In other words, the database is extensible. You can customize the indexing and query optimization mechanisms of the database management system, providing specialized services or more efficient processing for user-defined business objects and rich types. You use the extensibility interfaces to register your implementations with the server. Registering them causes the server to use your implementations instead its own when doing your specialized processing.
The extensibility interfaces consist of functions that the server calls to execute the custom indexing or optimizing behavior implemented for a data cartridge. The interfaces are defined by Oracle; as the cartridge developer, you must implement the functions (also frequently called interfaces) to embody the specialized behavior you require. In general, you implement the functions as static methods of an object type. An object type that implements the extensible indexing interface is called an indextype; an object type that implements the extensible optimizing interface is called a statistics type.
The key characteristics of data cartridges are:
Data cartridges are server-based. Their constituents reside on the server or are accessed from the server. The processing for data cartridges occurs at the server, or is dispatched from the server in the form of an external procedure.

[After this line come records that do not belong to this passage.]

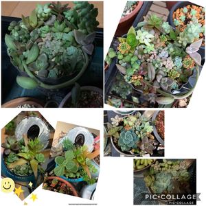 多肉ちゃん〜✨ ちらし寿司みたいな、小さい葉だけを集めたポイポイ鉢、 プスプス挿しただけの鉢、 ちょっと大きい葉のポイポイ鉢… 大きく育ってくれるともっと嬉しい😊💕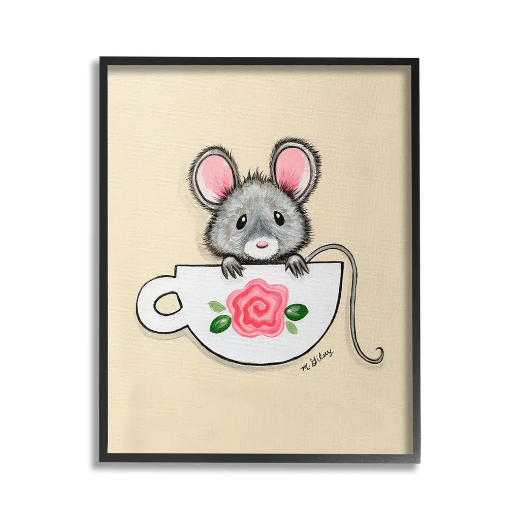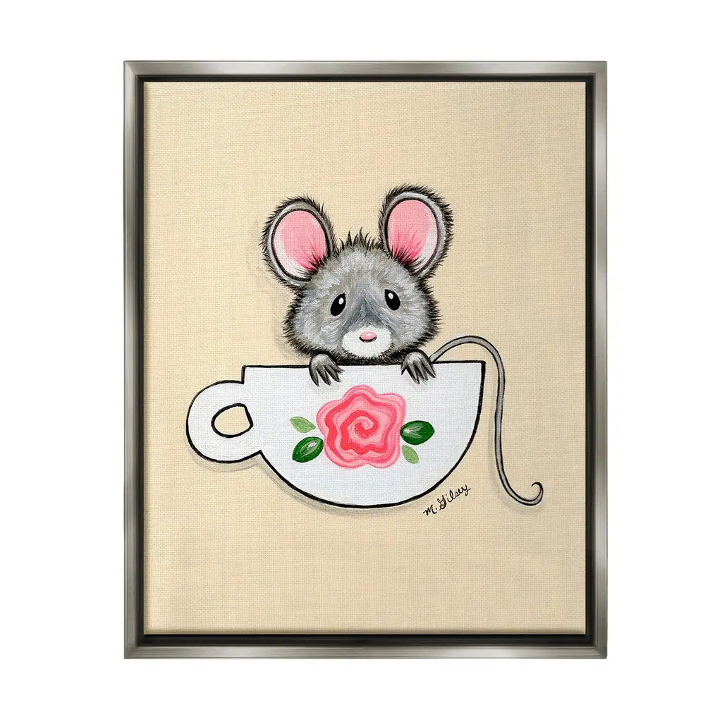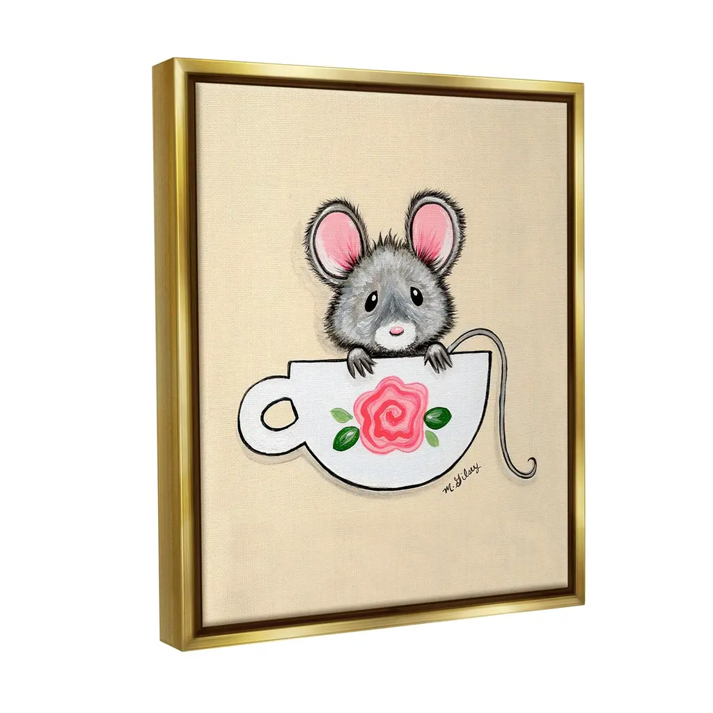 Elevate your home or office to the next level with Stupell Framed Floating Canvas Wall Art. Our premium hand-stretched canvas is mounted securely into a sturdy lightweight frame. The museum-style gap between the wrapped canvas and the box frame gives the illusion of floating artwork. Stupell Wall Art is made in the USA.Features: Dimensions: 17 x 1.7 x 21 Frame, 16 x 1.5 x 20 Canvas ArtFloating Frame Canvas Products are available in sizes 17"x21" and 25"x31". All Floating Frame Canvas Products have a 1.7" Depth.Wall Art is Ready to Hang with Hardware Free Hanging. No Installation required. For Easy Set Up Lean or Layer Artwork on Shelf or Against Wall. Artwork is Permently Fixed into the Frame.Our elevated 1.7" Thick Floating Frame is the perfect complement to our canvas style Wall Art. We use only the highest quality inks in house with industry leading printing solutions. Canvas is hand stretched over a durable wood foundation and then mounted securly into a Modern Box Frame. Made in the USA.Artwork Relates To: Animal, Mammal, Mouse, Rodent, Wildlife, Teacup, FlowerDesign by Michelle Gilsey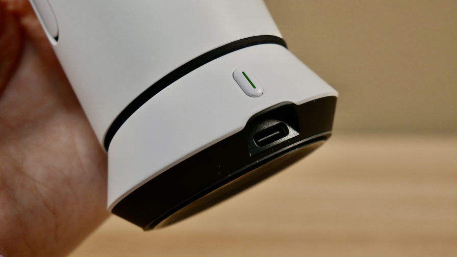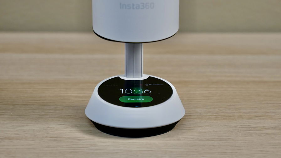 Con un peso di 490 grammi, l'Insta360 Wave è sufficientemente stabile da resistere a leggeri urti accidentali, mentre una ventosa integrata nella base fornisce ulteriore aderenza alle superfici lisce. La parte superiore del cilindro è progettata specificamente per connettere la webcam Insta360 Link 2 mediante punti di contatto magnetici che consentono sia il fissaggio meccanico che la trasmissione dati tra i due dispositivi.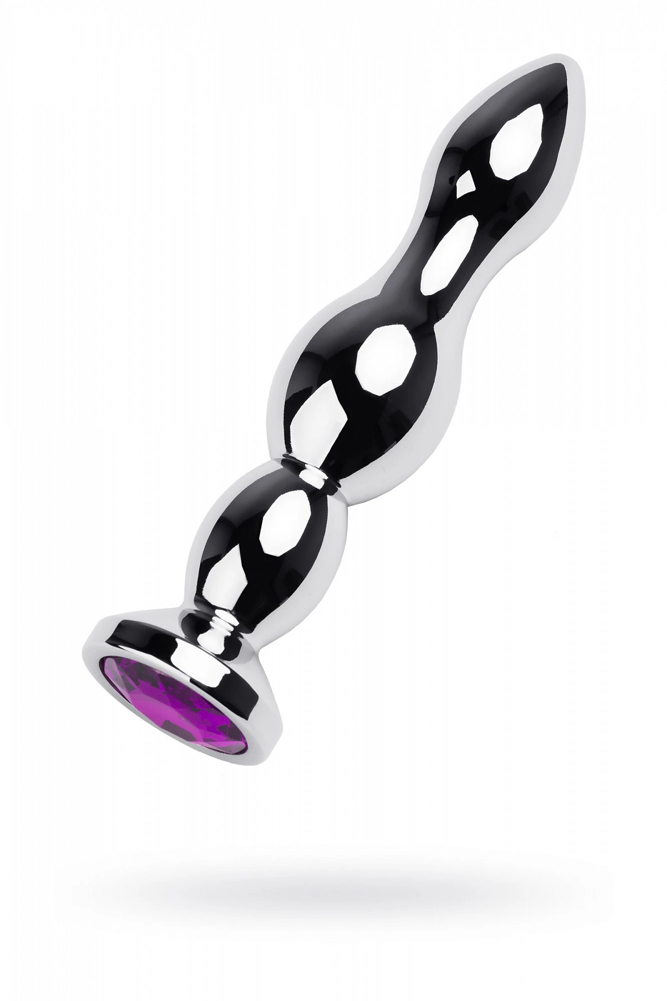 Анальная втулка серебро с шариками и фиолетовым кристаллом 13,5 см 717042-4

Data cartridges extend the server. They define new types and behavior, providing capabilities in component form that were previously unavailable in the server. Users of data cartridges can use the new types in their application to get the new behavior. For example, after loading an Image data cartridge, users can define a table
Person with a column
Photo of type
Data cartridges are integrated with the server. The Oracle Extensibility Framework defines a set of interfaces that integrate data cartridges with the components of the server engine. For example, the interface to the indexing engine allows for domain-specific indexing. Optimizer interfaces similarly allow data cartridges to define domain-specific ways of assessing the CPU and I/O cost of accessing cartridge data.
Data cartridges are packaged. A data cartridge is installed as a unit. Once installed, the data cartridge handles all access issues, such as users being in different schemas, having different privileges, and so on.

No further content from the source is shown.